Proof sketch. $\mathbb{E}[Y^* \mid X, A, S^{(k)}] = R^{(k)} \Rightarrow \mathbb{E}[Y^* \mid X, A_\pi(X)] = \mathbb{E}[R^{(k)}_\pi \mid X]$ . Take expectations over $X$ . S2 + L1–L2 needed only if calibration transports from different distribution.

Proposition 2 (IPS identification)

Under S1, S3 (and S2 + L1–L2 if $f_k$ learned out-of-domain), from logs $(X, A, S^{(k)}) \sim \pi_0$ ,

V(\pi) = \mathbb{E}[w_\pi(X, A) R^{(k)}], \qquad w_\pi(X, A) := \frac{\pi(A \mid X)}{\pi_0(A \mid X)}

Proposition 3 (DR identification)

Under S1, S3 (and S2 + L1–L2 if $f_k$ learned out-of-domain). Let $Q_\eta(x,a) := \mathbb{E}[R^{(k)} \mid X=x, A=a]$ be any outcome model ("critic"). Then

V(\pi) = \mathbb{E}[w_\pi(X,A)(R^{(k)} - Q_\eta(X,A)) + Q_\eta^\pi(X)]

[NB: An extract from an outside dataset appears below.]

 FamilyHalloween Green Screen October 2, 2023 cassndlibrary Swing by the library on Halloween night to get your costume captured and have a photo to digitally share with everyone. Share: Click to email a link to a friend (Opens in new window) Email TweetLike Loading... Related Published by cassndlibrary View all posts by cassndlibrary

where $Q_\eta^\pi(X) := \mathbb{E}_{a \sim \pi(\cdot \mid X)}[Q_\eta(X,a)]$ .

This holds even if either $w_\pi$ or $Q_\eta$ is misspecified (doubly robust).

3.5. Transport formulas (cross-environment evaluation)

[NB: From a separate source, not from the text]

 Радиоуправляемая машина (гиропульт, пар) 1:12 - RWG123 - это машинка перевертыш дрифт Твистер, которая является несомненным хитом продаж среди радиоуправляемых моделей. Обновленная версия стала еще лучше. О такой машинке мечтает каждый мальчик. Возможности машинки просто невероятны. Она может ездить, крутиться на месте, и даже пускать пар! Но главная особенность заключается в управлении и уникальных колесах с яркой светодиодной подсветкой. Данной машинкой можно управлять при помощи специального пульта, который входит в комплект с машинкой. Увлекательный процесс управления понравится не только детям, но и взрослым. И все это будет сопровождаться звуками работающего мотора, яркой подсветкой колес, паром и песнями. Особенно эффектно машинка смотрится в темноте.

When evaluating $\pi$ in a target environment that differs from the calibration source, Pearl & Bareinboim's transport framework ^[7] tells us exactly which target quantities to measure. Below are the three common deployment scenarios:

Case A: Covariate shift only (selection into X)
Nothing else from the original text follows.